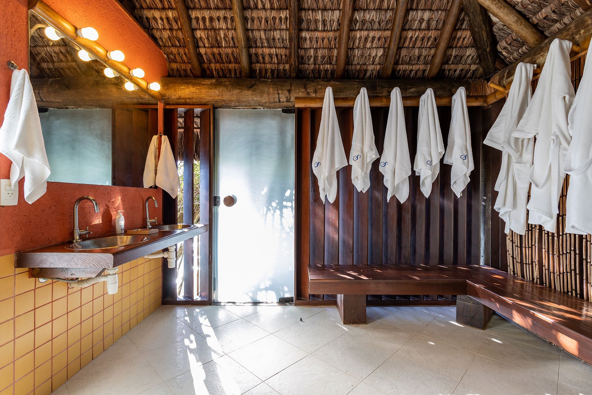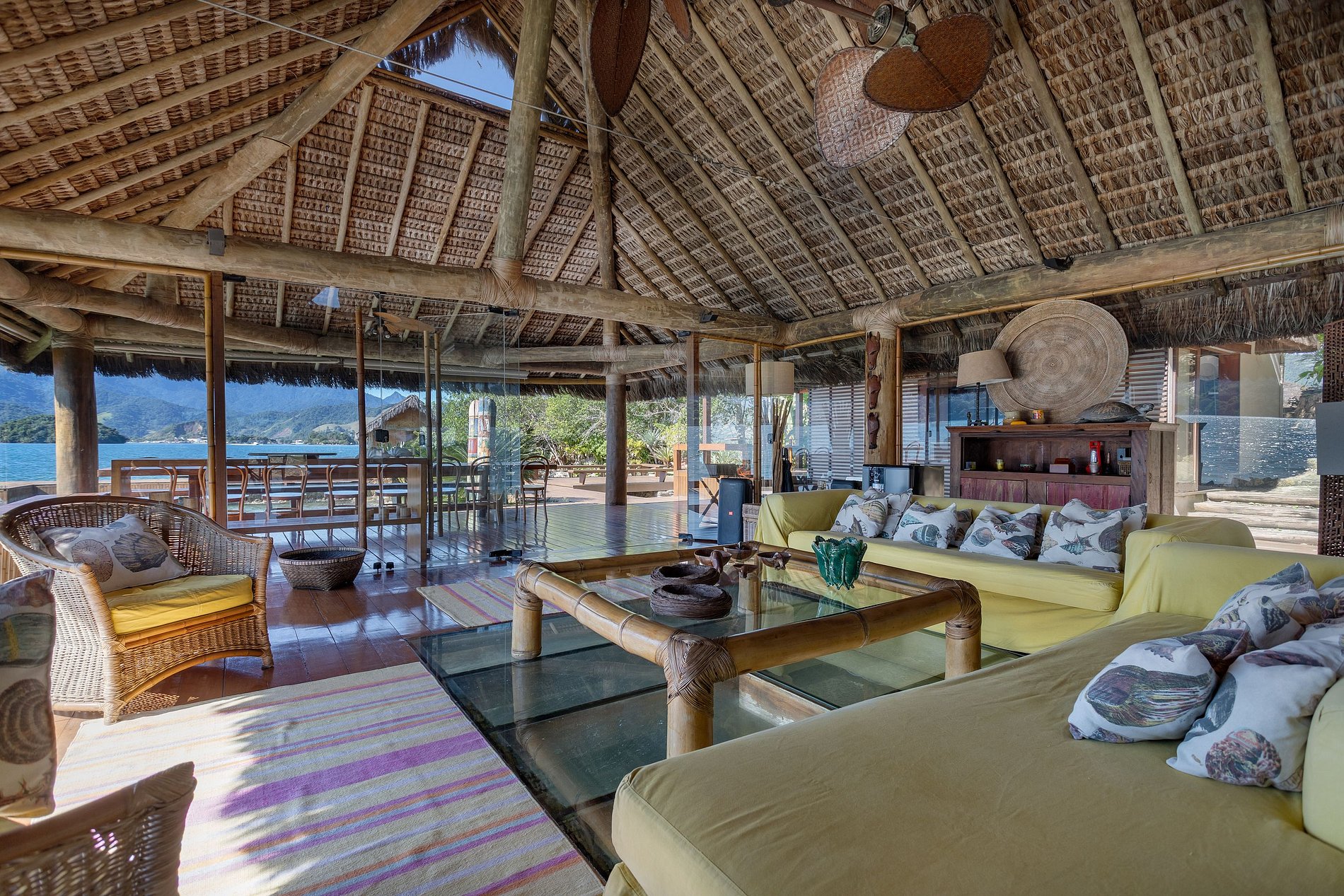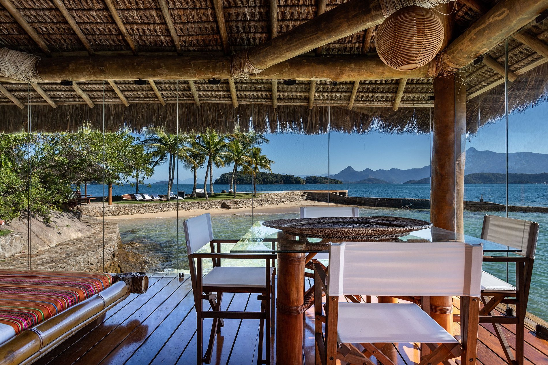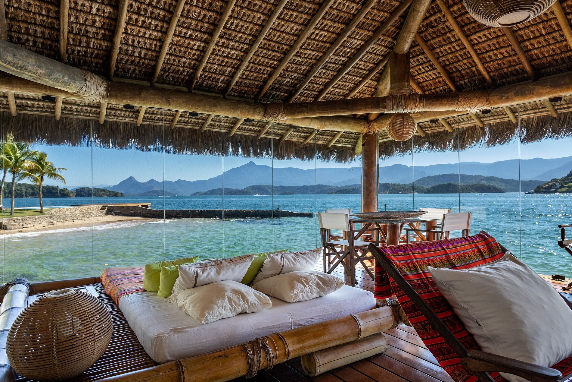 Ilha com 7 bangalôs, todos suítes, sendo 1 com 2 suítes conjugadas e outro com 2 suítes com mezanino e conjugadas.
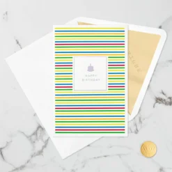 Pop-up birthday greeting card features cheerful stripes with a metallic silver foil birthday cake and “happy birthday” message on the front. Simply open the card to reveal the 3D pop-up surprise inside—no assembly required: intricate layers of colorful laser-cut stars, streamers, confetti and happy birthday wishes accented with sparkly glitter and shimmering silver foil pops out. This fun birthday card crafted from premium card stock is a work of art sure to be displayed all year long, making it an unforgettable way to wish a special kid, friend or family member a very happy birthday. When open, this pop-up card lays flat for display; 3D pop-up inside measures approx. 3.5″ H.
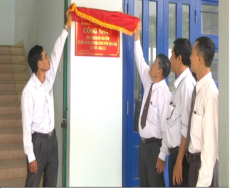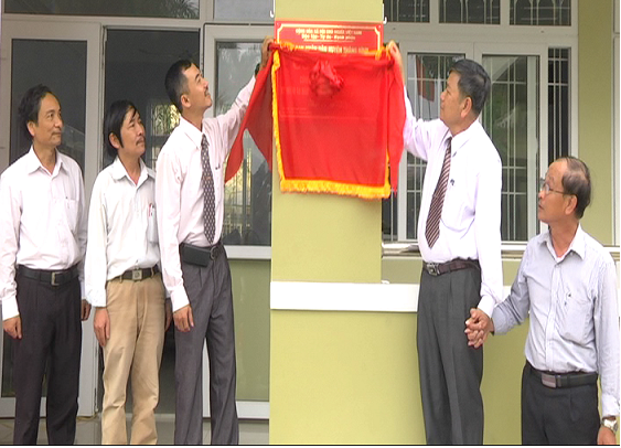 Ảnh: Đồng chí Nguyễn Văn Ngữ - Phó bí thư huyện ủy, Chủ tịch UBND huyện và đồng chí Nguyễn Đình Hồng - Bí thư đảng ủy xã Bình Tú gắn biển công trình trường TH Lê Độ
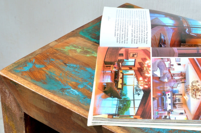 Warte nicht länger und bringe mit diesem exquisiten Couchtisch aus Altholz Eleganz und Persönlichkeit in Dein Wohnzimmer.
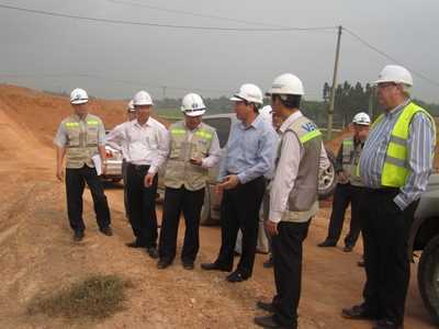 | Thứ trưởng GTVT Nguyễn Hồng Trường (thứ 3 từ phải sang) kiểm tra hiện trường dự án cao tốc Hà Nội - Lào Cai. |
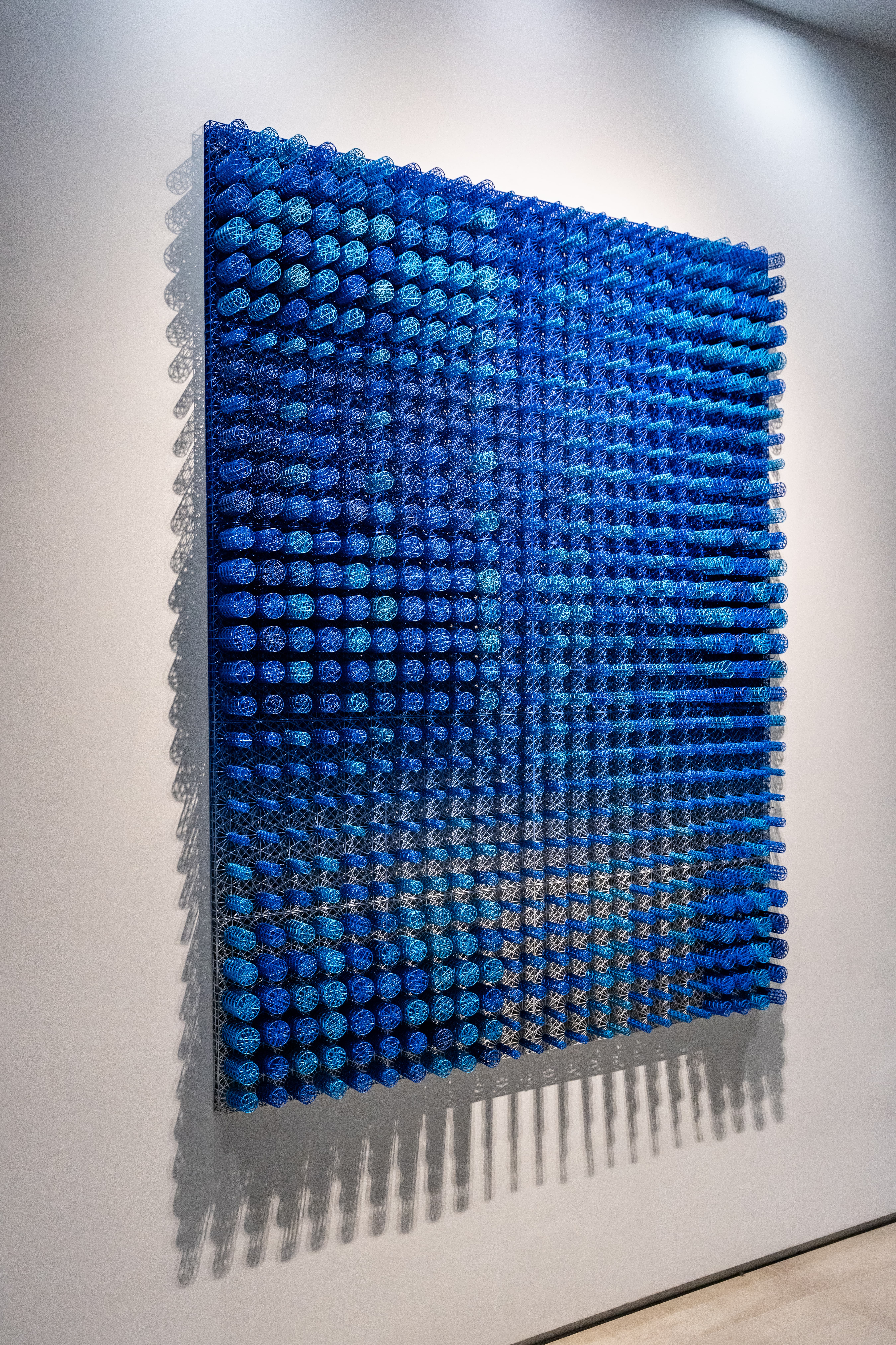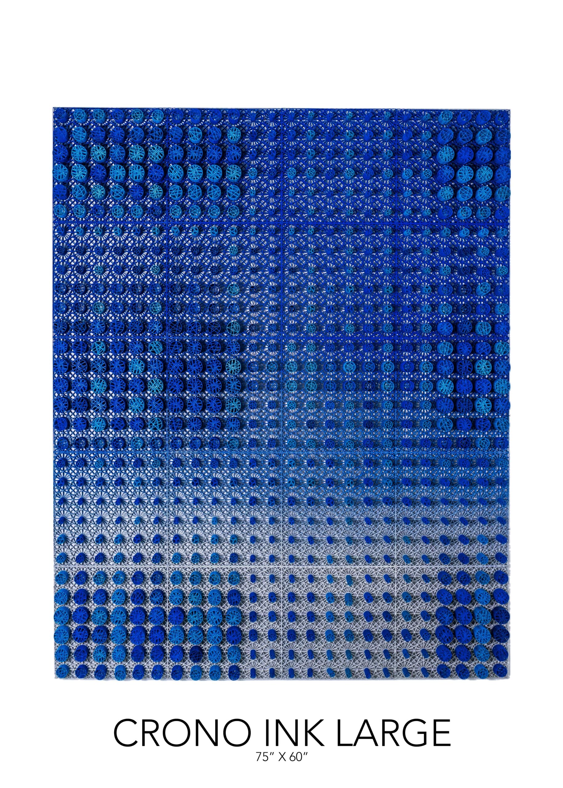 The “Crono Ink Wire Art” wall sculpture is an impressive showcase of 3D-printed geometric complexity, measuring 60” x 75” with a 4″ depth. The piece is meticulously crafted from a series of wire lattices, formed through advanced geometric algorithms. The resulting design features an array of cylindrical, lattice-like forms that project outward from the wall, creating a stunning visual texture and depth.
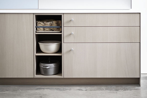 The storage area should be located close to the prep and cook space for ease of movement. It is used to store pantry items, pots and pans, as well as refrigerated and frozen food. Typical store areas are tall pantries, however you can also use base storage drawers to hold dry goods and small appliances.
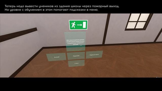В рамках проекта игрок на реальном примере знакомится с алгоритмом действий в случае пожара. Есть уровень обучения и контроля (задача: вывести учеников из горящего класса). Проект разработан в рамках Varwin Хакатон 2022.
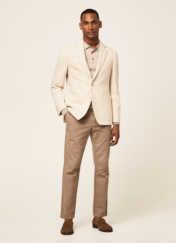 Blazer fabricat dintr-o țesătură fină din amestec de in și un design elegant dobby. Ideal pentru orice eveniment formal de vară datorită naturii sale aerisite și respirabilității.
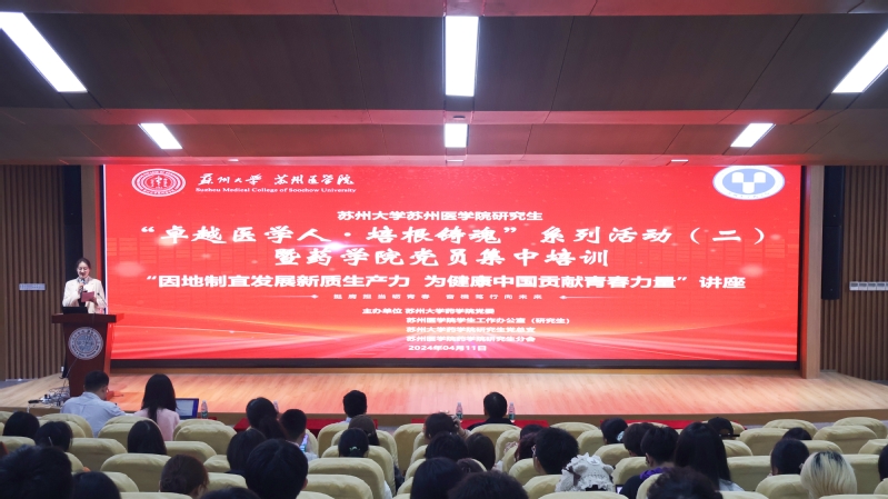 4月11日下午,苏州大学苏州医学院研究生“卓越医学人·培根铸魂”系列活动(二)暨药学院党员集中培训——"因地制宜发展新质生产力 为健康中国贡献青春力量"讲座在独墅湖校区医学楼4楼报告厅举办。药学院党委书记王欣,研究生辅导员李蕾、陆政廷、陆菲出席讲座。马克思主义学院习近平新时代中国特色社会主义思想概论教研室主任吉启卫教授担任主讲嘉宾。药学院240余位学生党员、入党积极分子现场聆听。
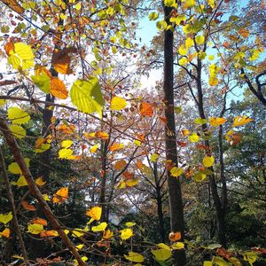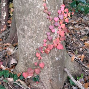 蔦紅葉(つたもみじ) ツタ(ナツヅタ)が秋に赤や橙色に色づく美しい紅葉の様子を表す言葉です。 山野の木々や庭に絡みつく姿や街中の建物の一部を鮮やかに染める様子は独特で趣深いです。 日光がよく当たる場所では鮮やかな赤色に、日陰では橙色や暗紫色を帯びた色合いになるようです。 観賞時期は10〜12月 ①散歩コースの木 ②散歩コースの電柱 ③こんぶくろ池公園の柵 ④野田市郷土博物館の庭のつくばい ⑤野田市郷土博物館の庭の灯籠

··········

Every line of the listing above is to be set down verbatim, without the pictures.

Exercise result =>
 Ilha com 7 bangalôs, todos suítes, sendo 1 com 2 suítes conjugadas e outro com 2 suítes com mezanino e conjugadas.
 Pop-up birthday greeting card features cheerful stripes with a metallic silver foil birthday cake and “happy birthday” message on the front. Simply open the card to reveal the 3D pop-up surprise inside—no assembly required: intricate layers of colorful laser-cut stars, streamers, confetti and happy birthday wishes accented with sparkly glitter and shimmering silver foil pops out. This fun birthday card crafted from premium card stock is a work of art sure to be displayed all year long, making it an unforgettable way to wish a special kid, friend or family member a very happy birthday. When open, this pop-up card lays flat for display; 3D pop-up inside measures approx. 3.5″ H.
 Ảnh: Đồng chí Nguyễn Văn Ngữ - Phó bí thư huyện ủy, Chủ tịch UBND huyện và đồng chí Nguyễn Đình Hồng - Bí thư đảng ủy xã Bình Tú gắn biển công trình trường TH Lê Độ
 Warte nicht länger und bringe mit diesem exquisiten Couchtisch aus Altholz Eleganz und Persönlichkeit in Dein Wohnzimmer.
 | Thứ trưởng GTVT Nguyễn Hồng Trường (thứ 3 từ phải sang) kiểm tra hiện trường dự án cao tốc Hà Nội - Lào Cai. |
 The “Crono Ink Wire Art” wall sculpture is an impressive showcase of 3D-printed geometric complexity, measuring 60” x 75” with a 4″ depth. The piece is meticulously crafted from a series of wire lattices, formed through advanced geometric algorithms. The resulting design features an array of cylindrical, lattice-like forms that project outward from the wall, creating a stunning visual texture and depth.
 The storage area should be located close to the prep and cook space for ease of movement. It is used to store pantry items, pots and pans, as well as refrigerated and frozen food. Typical store areas are tall pantries, however you can also use base storage drawers to hold dry goods and small appliances.
В рамках проекта игрок на реальном примере знакомится с алгоритмом действий в случае пожара. Есть уровень обучения и контроля (задача: вывести учеников из горящего класса). Проект разработан в рамках Varwin Хакатон 2022.
 Blazer fabricat dintr-o țesătură fină din amestec de in și un design elegant dobby. Ideal pentru orice eveniment formal de vară datorită naturii sale aerisite și respirabilității.
 4月11日下午,苏州大学苏州医学院研究生“卓越医学人·培根铸魂”系列活动(二)暨药学院党员集中培训——"因地制宜发展新质生产力 为健康中国贡献青春力量"讲座在独墅湖校区医学楼4楼报告厅举办。药学院党委书记王欣,研究生辅导员李蕾、陆政廷、陆菲出席讲座。马克思主义学院习近平新时代中国特色社会主义思想概论教研室主任吉启卫教授担任主讲嘉宾。药学院240余位学生党员、入党积极分子现场聆听。
 蔦紅葉(つたもみじ) ツタ(ナツヅタ)が秋に赤や橙色に色づく美しい紅葉の様子を表す言葉です。 山野の木々や庭に絡みつく姿や街中の建物の一部を鮮やかに染める様子は独特で趣深いです。 日光がよく当たる場所では鮮やかな赤色に、日陰では橙色や暗紫色を帯びた色合いになるようです。 観賞時期は10〜12月 ①散歩コースの木 ②散歩コースの電柱 ③こんぶくろ池公園の柵 ④野田市郷土博物館の庭のつくばい ⑤野田市郷土博物館の庭の灯籠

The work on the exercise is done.